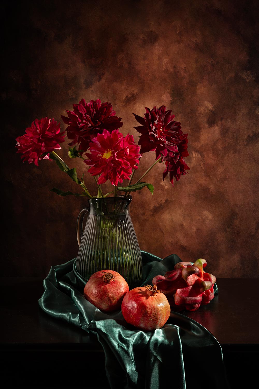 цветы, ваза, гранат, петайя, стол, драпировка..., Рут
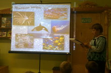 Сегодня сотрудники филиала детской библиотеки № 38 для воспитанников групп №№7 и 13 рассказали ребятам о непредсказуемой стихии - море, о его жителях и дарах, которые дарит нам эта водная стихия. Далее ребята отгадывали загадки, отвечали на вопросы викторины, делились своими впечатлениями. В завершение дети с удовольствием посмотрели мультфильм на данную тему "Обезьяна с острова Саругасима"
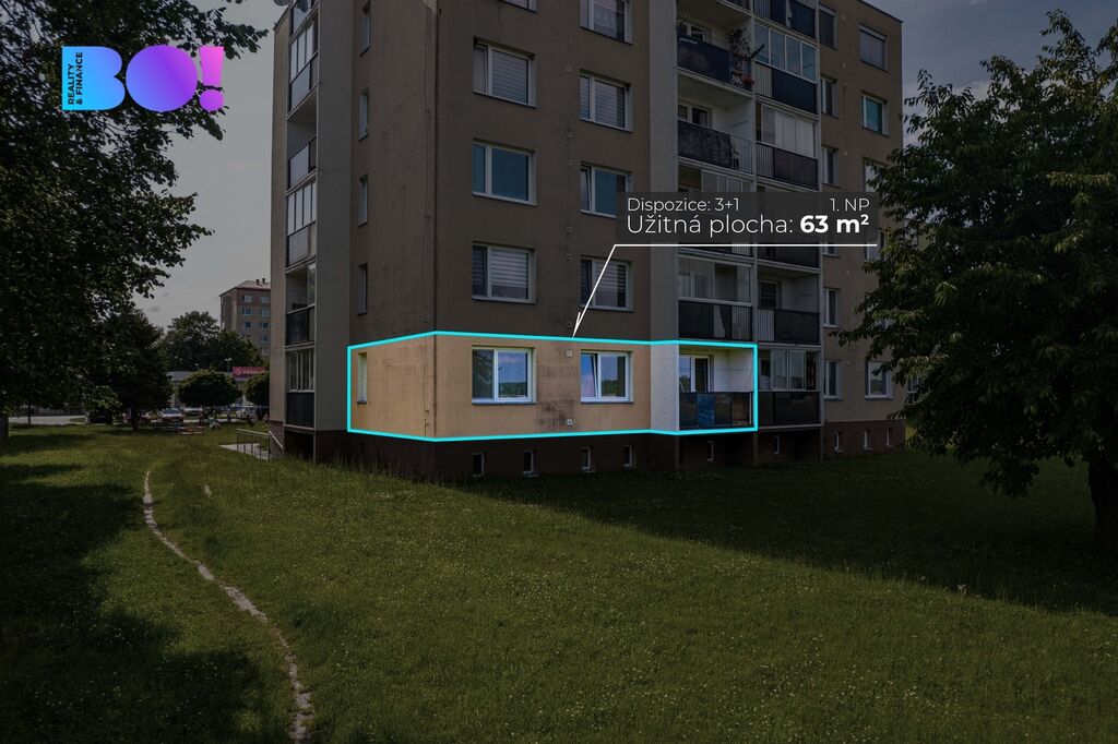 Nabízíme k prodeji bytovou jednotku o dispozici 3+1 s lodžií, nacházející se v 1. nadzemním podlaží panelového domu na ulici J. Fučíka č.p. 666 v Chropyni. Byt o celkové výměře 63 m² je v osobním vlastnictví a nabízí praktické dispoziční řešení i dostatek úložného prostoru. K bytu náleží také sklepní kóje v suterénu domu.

## Problem statement
Return each line of the material exactly as written; exclude the pictures.

## Answer box
 цветы, ваза, гранат, петайя, стол, драпировка..., Рут
 Сегодня сотрудники филиала детской библиотеки № 38 для воспитанников групп №№7 и 13 рассказали ребятам о непредсказуемой стихии - море, о его жителях и дарах, которые дарит нам эта водная стихия. Далее ребята отгадывали загадки, отвечали на вопросы викторины, делились своими впечатлениями. В завершение дети с удовольствием посмотрели мультфильм на данную тему "Обезьяна с острова Саругасима"
 Nabízíme k prodeji bytovou jednotku o dispozici 3+1 s lodžií, nacházející se v 1. nadzemním podlaží panelového domu na ulici J. Fučíka č.p. 666 v Chropyni. Byt o celkové výměře 63 m² je v osobním vlastnictví a nabízí praktické dispoziční řešení i dostatek úložného prostoru. K bytu náleží také sklepní kóje v suterénu domu.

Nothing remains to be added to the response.